> [EXERCISE DESCRIPTION] Your answer is to be the exact text of the lines from the one containing "CeraPlan umývadlová batéria" through the final line of the entries, restated in full, with pictures omitted.
Segment Open
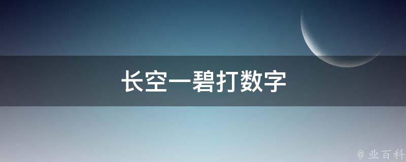 最佳答案长空一碧打数字是1。因为长空一碧中包含数字1,所以,长空一碧打数字就是1。在数字谐音中,1代表唯一、你、起点,另外,0代表圆满、完美、无尽;2代表爱、两人世界;3代表想念、生命、生活;4代表是的、时时等。
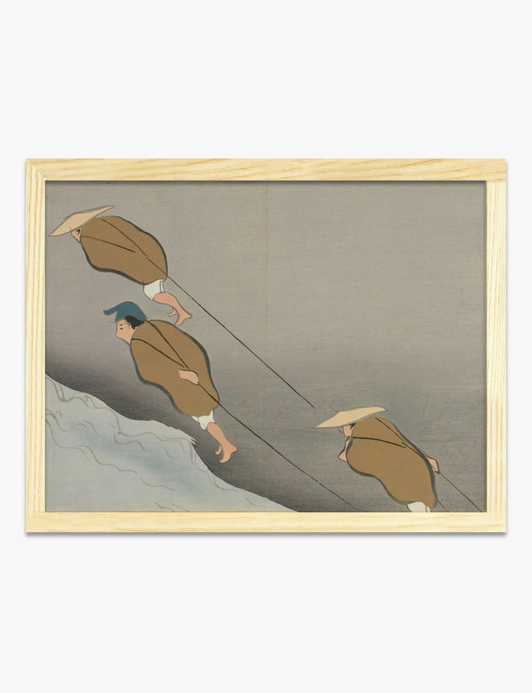 Eine leise Stärke durchzieht dieses eindrucksvolle Werk von Kamisaka Sekka. Drei Figuren, in erdigen Brauntönen und gedämpften Farben gehüllt, stemmen sich gegen den Wind, während sie einen Flussuferweg entlanggehen – und verleihen Ihren Wänden ein Gefühl von Bewegung und Zielstrebigkeit. Dieses Kunstwerk strahlt ruhige Entschlossenheit aus – das ideale Highlight für Ihr Wohnzimmer oder Arbeitszimmer, wo Fokus und Inspiration stets willkommen sind. Die subtile Palette aus Grau und Beige ist mühelos vielseitig und fügt sich nahtlos sowohl in modernes als auch in traditionelles Interieur ein. Lassen Sie sich täglich von diesem Poster erinnern: Fortschritt ist schön, selbst wenn der Weg bergauf führt. Sie werden lieben, wie es jeden Raum in einen persönlichen Rückzugsort verwandelt – stilvoll, einzigartig und voller Geschichte.
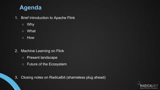The document presents an overview of Apache Flink, highlighting its advantages for data-intensive applications, particularly in machine learning. It discusses Flink’s capabilities, its ecosystem including FlinkML and other related frameworks, and Radicalbit's contributions to enhance these functionalities. The session concludes with an emphasis on the future potential of Flink for real-time applications and distributed learning.
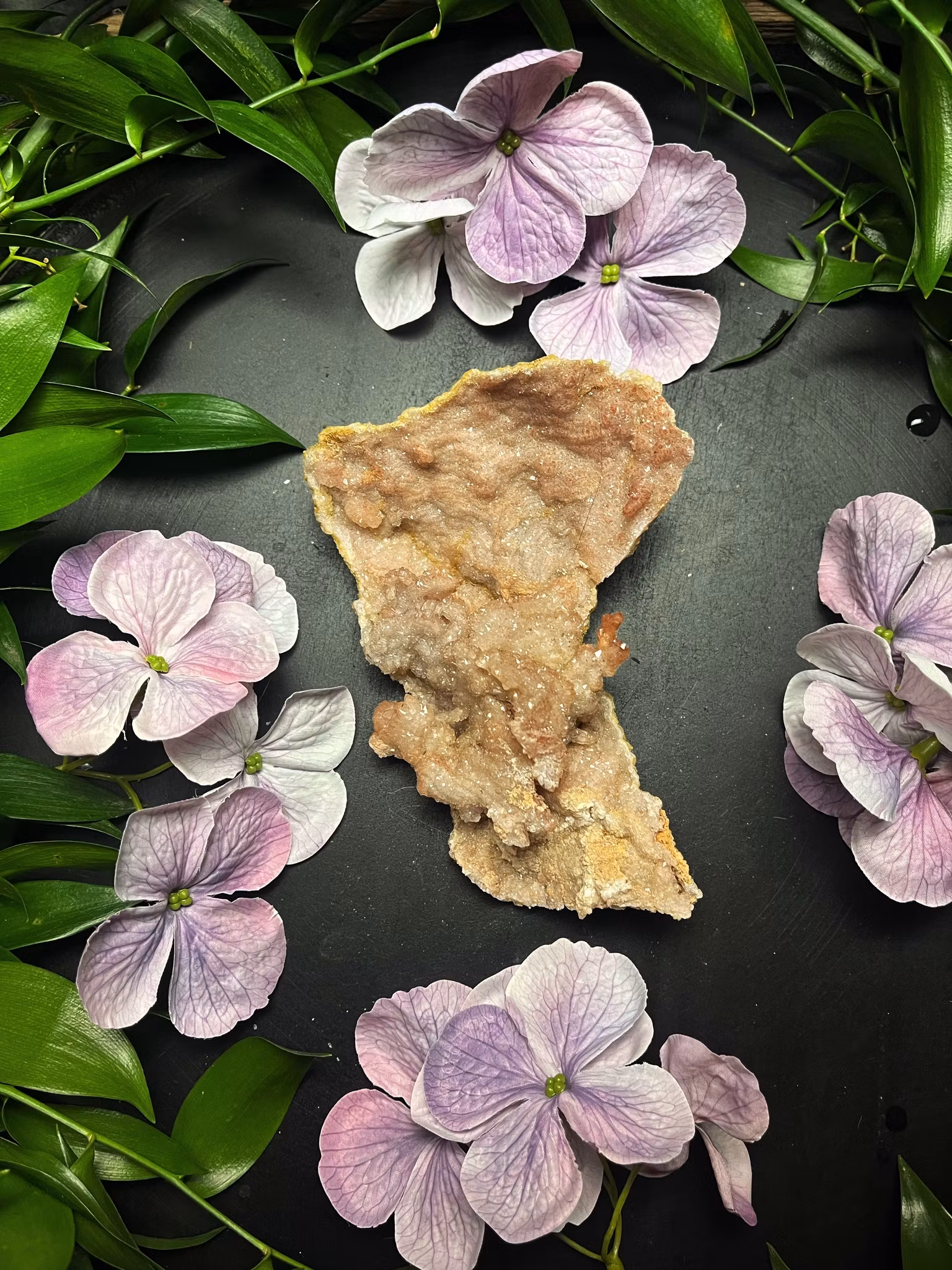 Ametist med Hematoid Kvarts är en kraftfull kombination av två kristaller som balanserar andlighet och fysisk energi. Ametisten, som är känd för sina lugnande och intellektuella egenskaper, hjälper till att främja inre lugn, mental klarhet och andlig insikt. Hematoid Kvarts, å andra sidan, är en mycket jordande och energibalanserande sten som hjälper till att rensa negativa energier och stabilisera kroppens energifält. Tillsammans skapar dessa kristaller en fantastisk balans mellan det andliga och det fysiska, vilket ger både inre frid och styrka. Denna kombination stärker intuitiva förmågor samtidigt som den håller en stabil och harmonisk energi.
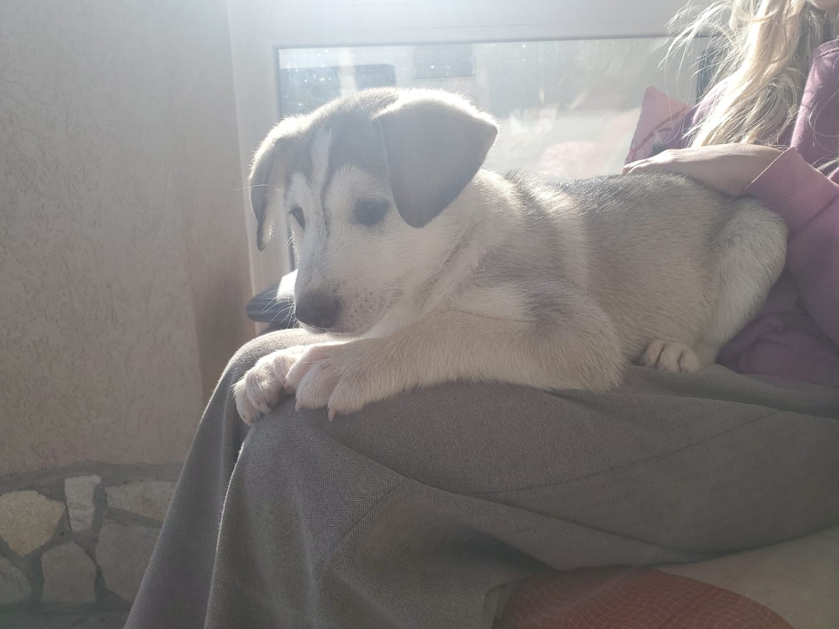 Er wächst hier nun mit Familienanschluss, seinen Geschwistern und noch anderen Hunden auf!
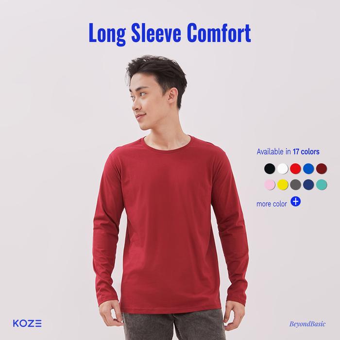 KOZE - LONG SLEEVE PREMIUM COMFORT PREMIUM COMBED 30S T-SHIRT 1 KAOS POLOS BAJU PRIA KATUN PANJANG - BLACK, XS
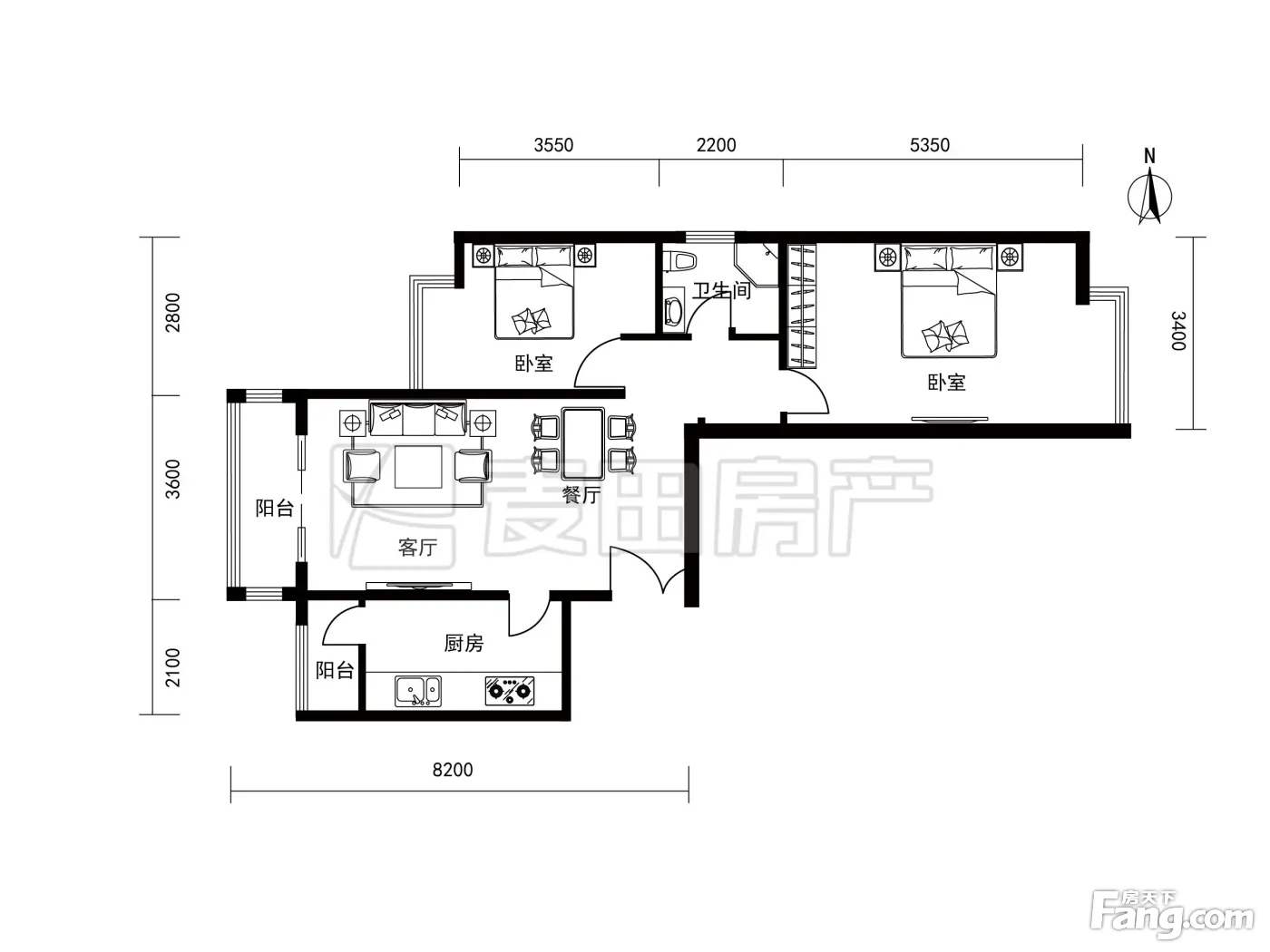户型齐全,主打客厅朝南二居
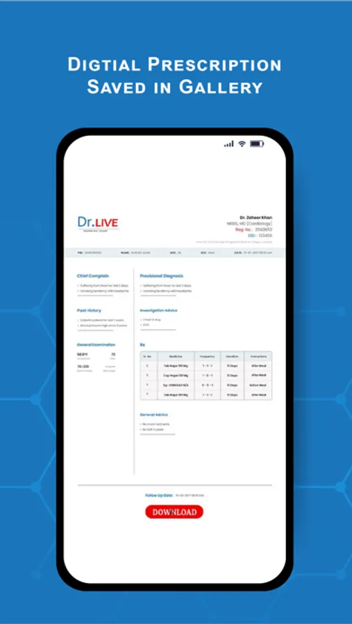 Share reports & chat with the Doctor also, you’ll be prescribed with a digital prescription that you can save simply in your photo gallery for future reference.
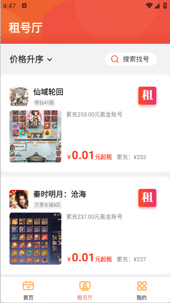 4、“租号厅”可以按照最新上架、价格升序以及价格降序进行排列。
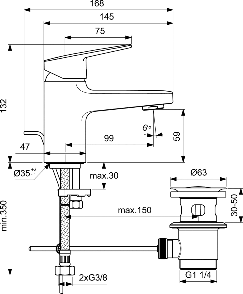 CeraPlan umývadlová batéria PICCOLO s kovovou odpadovou garnitúrou G1 1/4, DN 15. Pevný vývod, perlátor s prietokom 5L/min. Vývod 99 mm. Výška vývodu 59 mm. S flexibilnými hadicami G3/8. Kovová ovládacia páka s označením studená/teplá. Upevnenie EASY FIX- s centrovacím a tesniacím krúžkom - montáž zospodu . Kartuša Ø 38 mm s keramickými diskami a obmedzovačom teplej vody. Pivot kartuše z nerezovej ocele. Integrovaný obmedzovač teplej vody + ECO funkcia. Životnosť testovaná podľa EN 817. Ochrana proti hluku DIN 4109, trieda 1. Obmedzovač prietoku na max. 5 l/min pri pracovnom tlaku 0,3 MPa. Certifikát WELL A****.
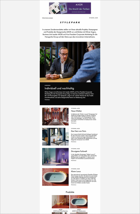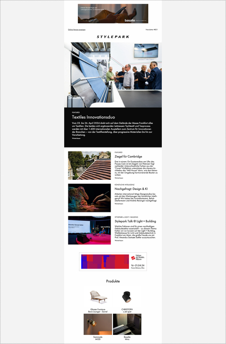 Stylepark offers an exclusive online advertising platform, reaching an annual audience of approximately 3.2 million users on the website and engaging with the 120,000 subscribers of our weekly newsletter through online advertisements.
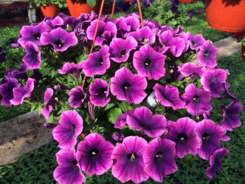 Petunia grows well in a hanging pot, blooms for several months. She is unpretentious in care. This is one of the most popular ampelous plants for pots on the street.
Segment Closed
> [FINISHED EXERCISE]
 CeraPlan umývadlová batéria PICCOLO s kovovou odpadovou garnitúrou G1 1/4, DN 15. Pevný vývod, perlátor s prietokom 5L/min. Vývod 99 mm. Výška vývodu 59 mm. S flexibilnými hadicami G3/8. Kovová ovládacia páka s označením studená/teplá. Upevnenie EASY FIX- s centrovacím a tesniacím krúžkom - montáž zospodu . Kartuša Ø 38 mm s keramickými diskami a obmedzovačom teplej vody. Pivot kartuše z nerezovej ocele. Integrovaný obmedzovač teplej vody + ECO funkcia. Životnosť testovaná podľa EN 817. Ochrana proti hluku DIN 4109, trieda 1. Obmedzovač prietoku na max. 5 l/min pri pracovnom tlaku 0,3 MPa. Certifikát WELL A****.
 Stylepark offers an exclusive online advertising platform, reaching an annual audience of approximately 3.2 million users on the website and engaging with the 120,000 subscribers of our weekly newsletter through online advertisements.
 Petunia grows well in a hanging pot, blooms for several months. She is unpretentious in care. This is one of the most popular ampelous plants for pots on the street.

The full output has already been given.